1. Structural Elements: Define and explain the importance of the following three elements of organizational design: Span of Control, Centralization vs. Decentralization, and Formalization.

2. Communication Barriers: Identify and explain at least three common Barriers to Effective Communication (e.g., Filtering, Selective Perception). What role does Feedback/Control Loops play in overcoming communication breakdown?

3. Managerial Processes: Detail the relationship between Planning and Controlling. Explain the three crucial steps in the Control Process, and illustrate the concept of Delegation using the terms Authority, Responsibility, and Accountability.

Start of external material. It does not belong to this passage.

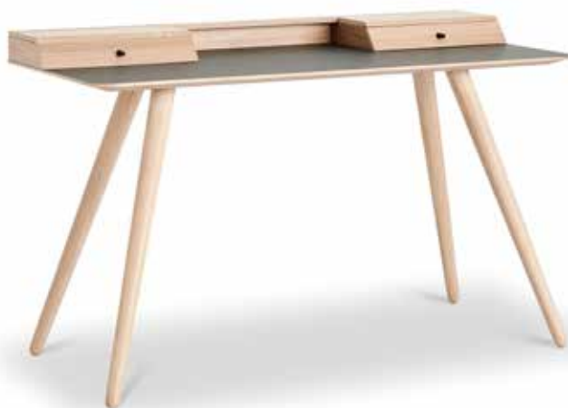
Desk no 708136

Desk with removable tray drawer and cable flap. Drawer fronts are wood as standard

Chapter 5: BEHAVIOURAL DYNAMICS

1. Interpersonal Analysis: Briefly explain the core concepts of Transactional Analysis (TA), specifically the three Ego States (Parent, Adult, Child). How can the Johari Window be used as a tool to improve team communication and self-awareness?

2. Leadership and Influence: Differentiate between the three classic leadership styles defined by Kurt Lewin (Autocratic, Democratic, Laissez-Faire). Provide an example of a situation where a leader would rely on Referent Power versus Expert Power (French & Raven).

3. Group Development: Summarize Tuckman's Five-Stage Model of Group Development. Why is the Storming phase inevitable, and what key behaviors define the Norming and Performing stages?